The Tour Down Under (branded as the Santos Tour Down Under under a partnership arrangement) is a cycling race in and around Adelaide, South Australia, and is traditionally the opening event of the UCI World Tour and features all 19 UCI WorldTeams. It also runs as a UCI Women's ProSeries event and features a one-day circuit race as a 'prelude' to the main race.

The race was established in 1999 with the support of then Premier of South Australia John Olsen as part of an effort to fill the gap in the state's sporting calendar left by the move of the Australian Grand Prix from Adelaide to Melbourne, Victoria. Since then, the event has been organised by South Australia's Major Event's arm Events South Australia. It has seen rapid growth in its first two decades, having become the first race to be granted UCI ProTour status (now UCI WorldTour) in 2008, and becoming the first event of the UCI World Ranking calendar in 2009.
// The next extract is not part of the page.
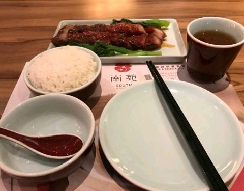 - ...有,南北菜通吃,我吃的是南苑,比较喜欢潮州和广东菜,叉烧饭不错,一排叉烧很厚的哦,还有汉堡供应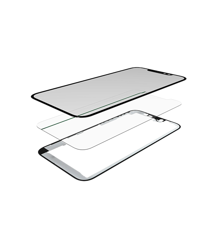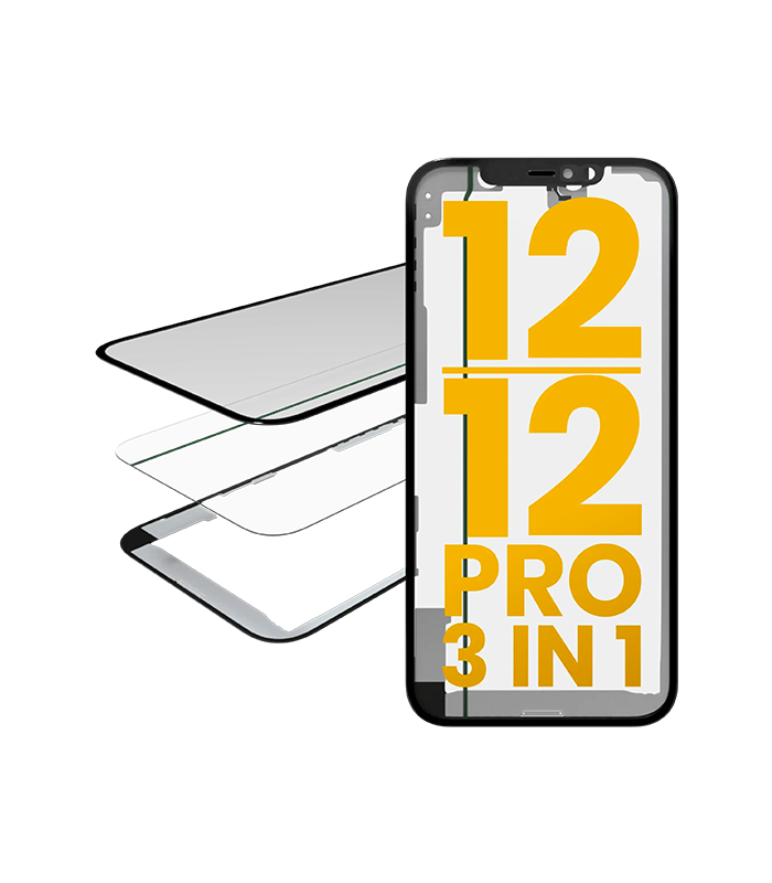 • Vidrío de nueva tecnología con marco y OCA preinstalado para iPhone 12 / 12 Pro (3 en 1).

The race is traditionally held in the middle of the Australian summer season, and features a series of stages incorporating hills and flat sections over a six-day period, although the 2021 and 2022 editions of the men's and women's races were cancelled after organisers were unable to accommodate both the needs of international teams and local quarantine and border management requirements as a result of the COVID-19 pandemic.

In 2023, the Santos Tour Down Under will take place 13–22 January 2023.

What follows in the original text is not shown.